Case ID: fla-supp_11/html/0162-01.html
Source: Caselaw Access Project
Author: {"author": "VINCENT C. GIBLIN, Circuit Judge.", "license": "Public Domain", "url": "https://static.case.law/"}
Date Created: 2024-08-24T03:29:51.129683

HOFFMAN v. LAWRENCE WAREHOUSE CO.
    Circuit Court, Dade County.
    November 29, 1957.
    Joseph I. Davis, Miami for plaintiff.
    Sturrup & Gautier, Miami, for defendant.
   VINCENT C. GIBLIN, Circuit Judge.

The court has heard and considered the defendant’s motion for leave to file a cross-claim against Hollywood Builders Supply, Inc. and to bring such corporation into the action as an additional party.

The motion is predicated on an erroneous construction of rules 1.13(7) and 1.13(8) of the Florida Rules of Civil Procedure, which were copied from, and should be given the same construction as, rules 13 (g) and 13 (h) of the Federal Rules of Civil Procedure.

A cross-claim may be asserted properly only against a co-party under our state rule 1.13(7) or under federal rule 13(g) ; and, when (and only when) a cross-claim is so properly asserted, may one not a party to the original action be brought in, under state rule 1.13(8) or federal rule 13(h), if his presence is required for the granting of complete relief in the determination of the cross-claim.

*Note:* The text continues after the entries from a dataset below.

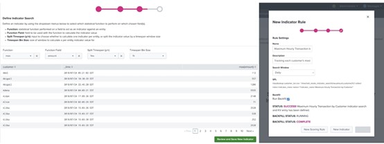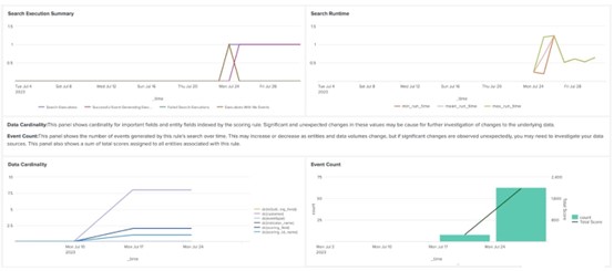 Entity Behavior Scores 儀表板中包含觸發每個規則的數量和評分歸因的資訊,可指導您應該如何調整規則。與此同時,Review Indicators (檢視指標) 和 Review Scoring Rules (檢視評分規則) 儀表板則提供了隨著時間進行,從您部署的搜尋所回傳的事件數量和搜尋效能的相關資訊。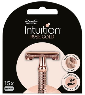 Náhradní žiletky pasují do holicího strojku Intuition Double Edge Rose Gold, jehož rukojeť je zcela bez plastu a je vyrobena z obzvláště kvalitního kovu, takže díky vlastní hmotnosti klouže po pokožce …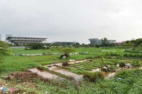 Trên khu đất 4,2 ha, các hộ dân là chủ ruộng trước đây đã quay lại trồng đủ loại hoa màu. Bà Mai (Phú Đô, quận Nam Từ Liêm) đang tưới nốt những luống rau cuối ngày. Do nằm ở vùng đất trũng, bà Mai cùng nhiều hộ canh tác khác chỉ cần đào hố trong mùa cạn là có nước. Mùa mưa, việc trồng rau càng nhàn hơn do không lo thiếu nước. Nhờ mượn lại đất dự án để trồng rau, mỗi tháng bà Mai có thêm khoản thu nhập hơn 2 triệu đồng.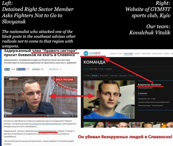 LifeNews, a media agency infamous for its lies, was the first one to find out about Right Sector fighters that allegedly came to Donbas to destabilize the situation. One such “Ukrainian nationalist” “captured” in Donbas is actually a fitness trainer from Kyiv. Donetsk separatists, however, introduced him as Vitaliy Kovalchuk, a Right Sector fighter from Vinnitsya.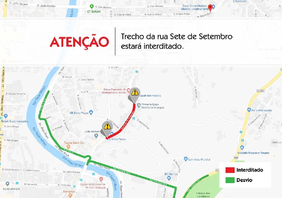 Durante os trabalhos, que devem se estender até segunda-feira (5), às 13h30, os motoristas devem estar atentos às rotas de desvio. Os cidadãos que precisarem se deslocar em direção ao bairro Santa Terezinha, Itajaí e ao Centro deverão utilizar a rodovia Antônio Heil e a avenida Beira Rio.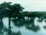位于广西合浦县东南部沙田半岛的山口红树林生态自然保护区,是北回归线以南热带红树林生态系的代表。它由该半岛东侧和西侧的海域、陆域及全部滩涂组成,总面积80平方公里,岸线总长50公里。东侧是火山灰发育的土壤,滩涂淤泥肥沃,红树林生长特别茂盛。西岸滩涂全为淤泥质,适宣红树林生长。而且保护区所处地理位置光热条件较好,冬季低温影响小,海湾侵入内陆,封闭性好,风浪、潮汐、余流的作用较弱,岸滩比较稳定,海水污染程度很低,水质洁净,是红树林大面积分布和生存的理想区域,构成良好的生态系统。这里是我国大陆海岸发育较好、连片较大、结构典型、保存较好的天然红树林分布区。自从这里建立红树林生态自然保护区以后,数万亩红树林生机勃勃。众多的鸟群在此栖息,有的还是珍贵鸟类,堪称名副其实的“鸟类天堂”。凌晨,鸟鸣声从四面传来,此起彼伏,叫人数不清到底有多少“咏晨歌手”在合唱。太阳初升,白鹭扇动着雪白的翅膀,向东南方向飞去;日轮西沉,林中苍鹭东岸呼西岸应,红树林中呈现着“千鹭鸣红林”的壮观场面。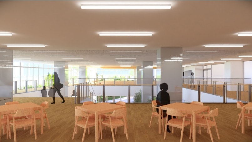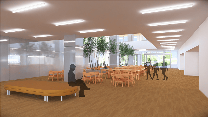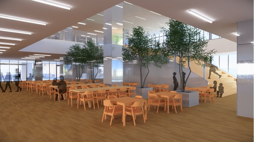 新校舎に入ってすぐ広がるコモンズ。生徒が集い、学び、くつろげる多目的な空間です。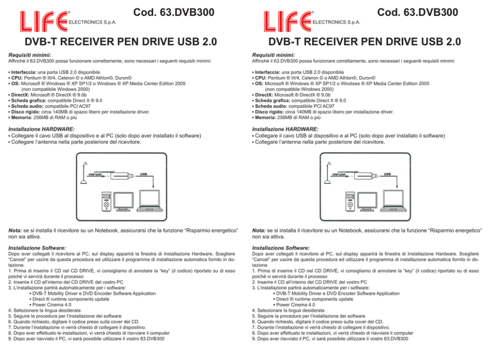 ELECTRONICS S.p.A. Cod. 63.DVB300 DVB-T RECEIVER PEN DRIVE USB 2.0 ELECTRONICS S.p.A. Cod. 63.DVB300 DVB-T RECEIVER PEN DRIVE USB 2.0 Requisiti minimi: Requisiti minimi: ▪ Interfaccia: una porta USB 2.0 disponibile ▪ CPU: Pentium ® III/4, Celeron © o AMD Athlon©, Duron© ▪ OS: Microsoft ® Windows ® XP SP1/2 o Windows ® XP Media Center Edition 2005 (non compatibile Windows 2000) ▪ DirectX: Microsoft ® DirectX ® 9.0b ▪ Scheda grafica: compatibile Direct X ® 9.0 ▪ Scheda audio: compatibile PCI AC97 ▪ Disco rigido: circa 140MB di spazio libero per installazione driver. ▪ Memoria: 256MB di RAM o più ▪ Interfaccia: una porta USB 2.0 disponibile ▪ CPU: Pentium ® III/4, Celeron © o AMD Athlon©, Duron© ▪ OS: Microsoft ® Windows ® XP SP1/2 o Windows ® XP Media Center Edition 2005 (non compatibile Windows 2000) ▪ DirectX: Microsoft ® DirectX ® 9.0b ▪ Scheda grafica: compatibile Direct X ® 9.0 ▪ Scheda audio: compatibile PCI AC97 ▪ Disco rigido: circa 140MB di spazio libero per installazione driver. ▪ Memoria: 256MB di RAM o più Installazione HARDWARE: ▪ Collegare il cavo USB al dispositivo e al PC (solo dopo aver installato il software) ▪ Collegare l’antenna nella parte posteriore del ricevitore. Installazione HARDWARE: ▪ Collegare il cavo USB al dispositivo e al PC (solo dopo aver installato il software) ▪ Collegare l’antenna nella parte posteriore del ricevitore. Nota: se si installa il ricevitore su un Notebook, assicurarsi che la funzione “Risparmio energetico” non sia attiva. Nota: se si installa il ricevitore su un Notebook, assicurarsi che la funzione “Risparmio energetico” non sia attiva. Installazione Software: Installazione Software: Affinchè il 63.DVB300 possa funzionare correttamente, sono necessari i seguenti requisiti minimi: Dopo aver collegati il ricevitore al PC, sul display apparirà la finestra di Installazione Hardware. Scegliere “Cancel” per uscire da questa procedura ed utilizzare il programma di installazione automatica fornito in dotazione. 1. Prima di inserire il CD nel CD DRIVE, vi consigliamo di annotare la “key” (il codice) riportato su di esso poiché vi servirà durante il processo 2. Inserire il CD all’interno del CD DRIVE del vostro PC 3. L’installazione partirà automaticamente per i software: ▪ DVB-T Mobility Driver e DVD Encoder Software Application ▪ Direct ® runtime components update ▪ Power Cinema 4.0 4. Selezionare la lingua desiderata 5. Seguire la procedura per l’installazione dei software 6. Quando richiesto, digitare il codice preso sulla cover del CD. 7. Durante l’installazione vi verrà chiesto di collegare il dispositivo. 8. Dopo aver effettuato le installazioni, vi verrà chiesto di riavviare il computer 9. Dopo aver riavviato il PC, vi sarà possibile utilizzare il vostro 63.DVB300 Affinchè il 63.DVB300 possa funzionare correttamente, sono necessari i seguenti requisiti minimi: Dopo aver collegati il ricevitore al PC, sul display apparirà la finestra di Installazione Hardware. Scegliere “Cancel” per uscire da questa procedura ed utilizzare il programma di installazione automatica fornito in dotazione. 1. Prima di inserire il CD nel CD DRIVE, vi consigliamo di annotare la “key” (il codice) riportato su di esso poiché vi servirà durante il processo 2. Inserire il CD all’interno del CD DRIVE del vostro PC 3. L’installazione partirà automaticamente per i software: ▪ DVB-T Mobility Driver e DVD Encoder Software Application ▪ Direct ® runtime components update ▪ Power Cinema 4.0 4. Selezionare la lingua desiderata 5. Seguire la procedura per l’installazione dei software 6. Quando richiesto, digitare il codice preso sulla cover del CD. 7. Durante l’installazione vi verrà chiesto di collegare il dispositivo. 8. Dopo aver effettuato le installazioni, vi verrà chiesto di riavviare il computer 9. Dopo aver riavviato il PC, vi sarà possibile utilizzare il vostro 63.DVB300 ELECTRONICS S.p.A. ELECTRONICS S.p.A. GARANZIA GARANZIA 1. La garanzia entra in vigore alla data del documento fiscale. NOTA BENE: SI HA DIRITTO ALLA GARANZIA SOLO SE SI ESIBISCE IL PRESENTE CERTIFICATO DI GARANZIA INSIEME ALLA FOTOCOPIA DELLO SCONTRINO FISCALE (O FATTURA) ENTRO I TERMINI STABILITI DALLA LEGGE. 2. In caso di guasto dell’apparecchio, l’acquirente dovrà recarsi presso il proprio rivenditore LIFE. 3. L’unico documento valido per ottenere la garanzia è lo scontrino fiscale (oppure la fattura). 4. Non sono coperte da garanzia le parti esterne dell’apparecchio né i danni provocati al prodotto da imperfetta installazione, cattivo uso da parte dell’utente ed interventi/patch e modifiche operate sull’apparecchio. Sono esclusi da garanzia i danni provocati da agenti atmosferici, sbalzi di tensione, incendi, nonché guasti provocati durante il trasporto. Se il numero di matricola dell’apparecchio viene rimosso, cambiato oppure reso irriconoscibile, la garanzia decade automaticamente. É escluso il riconoscimento di danni diretti e indiretti di qualsiasi natura a persone e cose per l’uso improprio o per la sospensione d’uso dell’apparecchio. 5. Per richieste di garanzia senza un ben motivato difetto, così come per l’installazione ed illustrazione delle norme d’uso dell’apparecchio, verranno addebitate al cliente tutte le spese sostenute. 1. La garanzia entra in vigore alla data del documento fiscale. NOTA BENE: SI HA DIRITTO ALLA GARANZIA SOLO SE SI ESIBISCE IL PRESENTE CERTIFICATO DI GARANZIA INSIEME ALLA FOTOCOPIA DELLO SCONTRINO FISCALE (O FATTURA) ENTRO I TERMINI STABILITI DALLA LEGGE. 2. In caso di guasto dell’apparecchio, l’acquirente dovrà recarsi presso il proprio rivenditore LIFE. 3. L’unico documento valido per ottenere la garanzia è lo scontrino fiscale (oppure la fattura). 4. Non sono coperte da garanzia le parti esterne dell’apparecchio né i danni provocati al prodotto da imperfetta installazione, cattivo uso da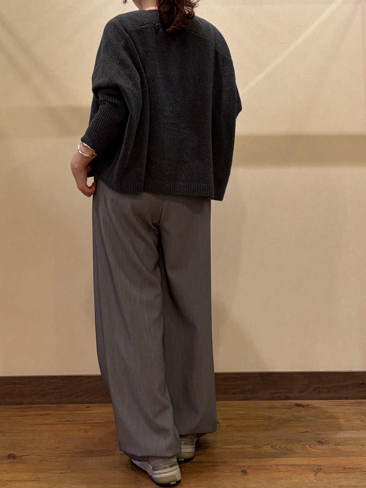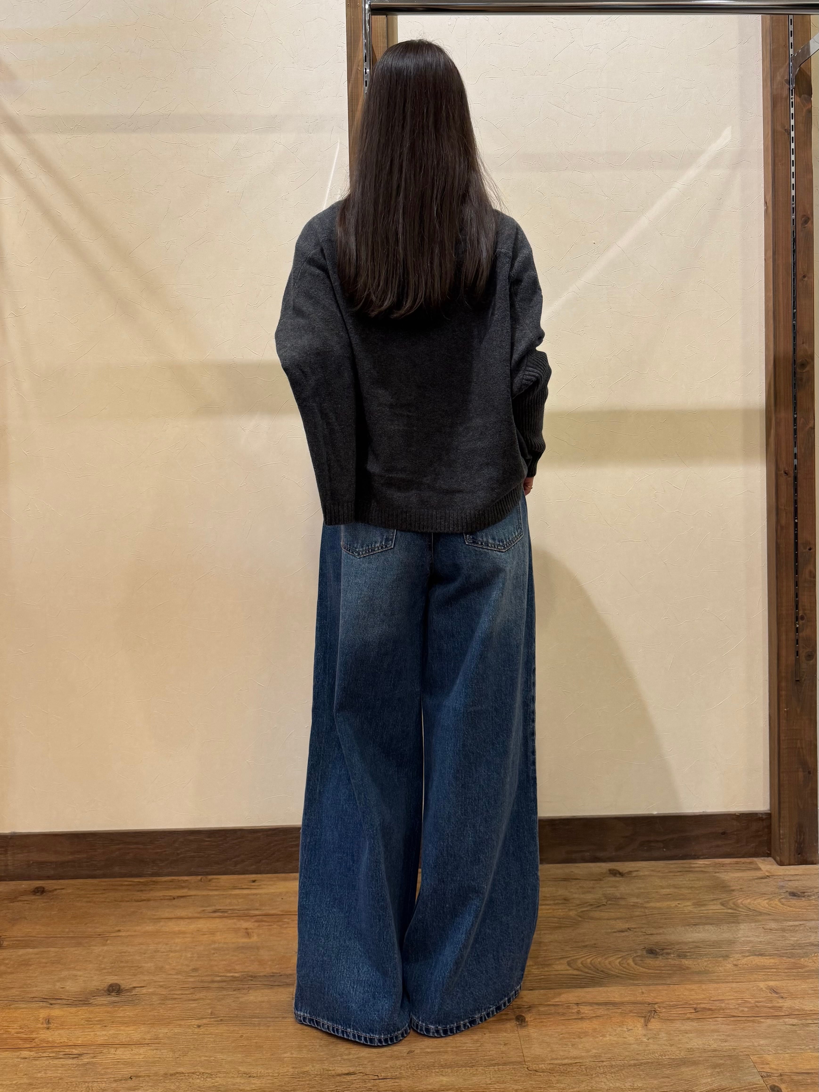 ゆったりとしたルーズなサイズ感、コンパクトな着丈、ほどよくフィットする長めのリブのお袖、パッと織るだけで今っぽいスタイリングが叶います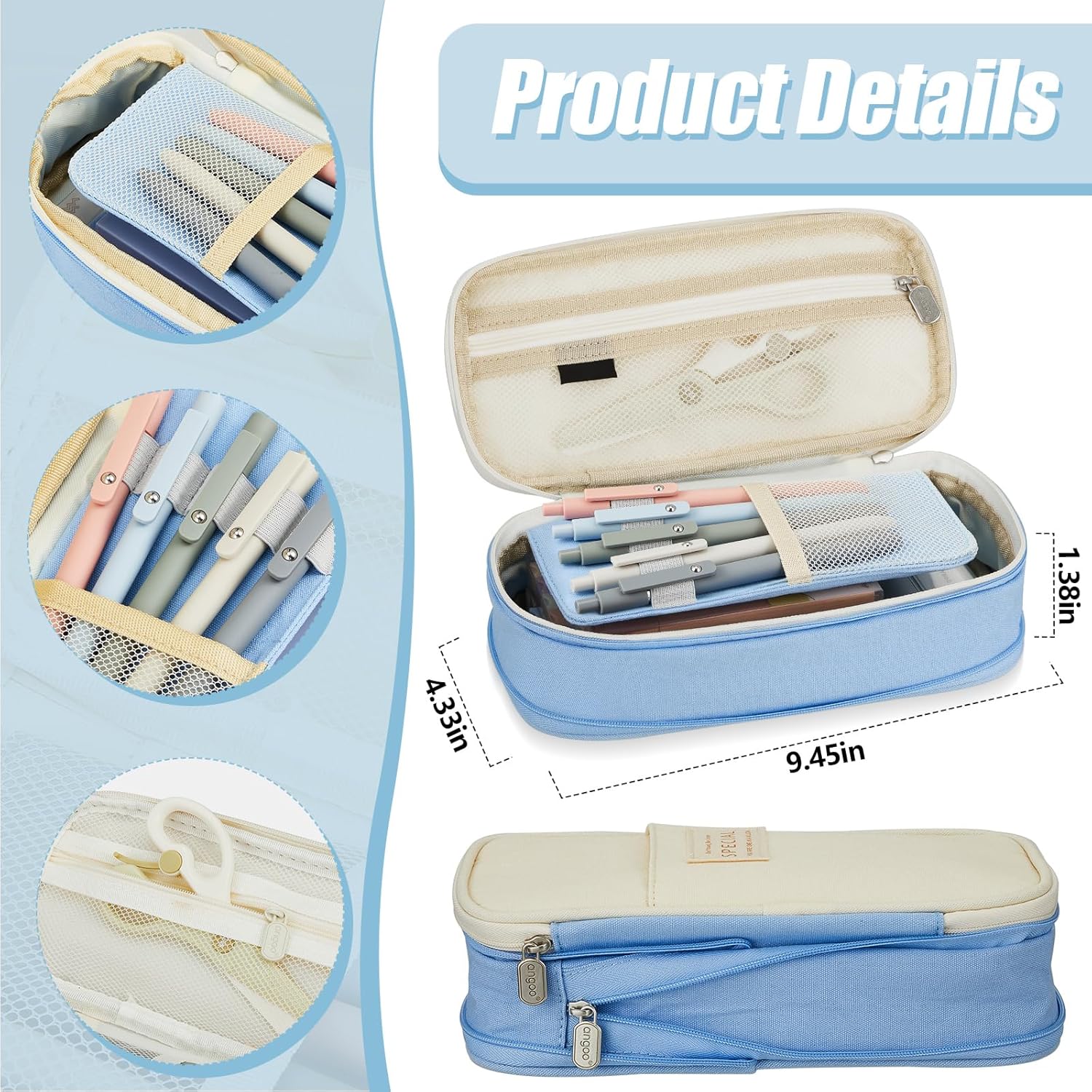- Large Capability: blue pencil case measures about 9.45 x 4.33 x 1.38 inch/ 24 x 11 x 3.5 cm, with sufficient space for you to store various stationery, like pens, marker pens, rulers, eraser, pencils and more; Cute pencil bag can be folded, compact and convenient to store and carry around

Neither our state rules, 1.13(7) and 1.13(8), nor the federal rules, 13(g) and 13(h), should be confused, however, with impleader (third-party practice). Impleader, or third-party practice, is provided for by rule 14 of the Federal Rules of Civil Procedure, but the draftsmen of our state civil procedural code (although much of the federal system was adopted) purposefully omitted from our state rules the provisions of federal rule 14. See Moore’s Federal Practice (Second Edition), page 101 (and cases cited) and 1956 Cumulative Supplement, page 28 (and case cited).

Personally, I think we should have in our state procedural rules provisions, such as are found in the federal rules, for impleader or third-party practice, but since we do not have, the order the entry of which the defendant seeks cannot be properly entered; and, therefore, the mentioned motion is denied.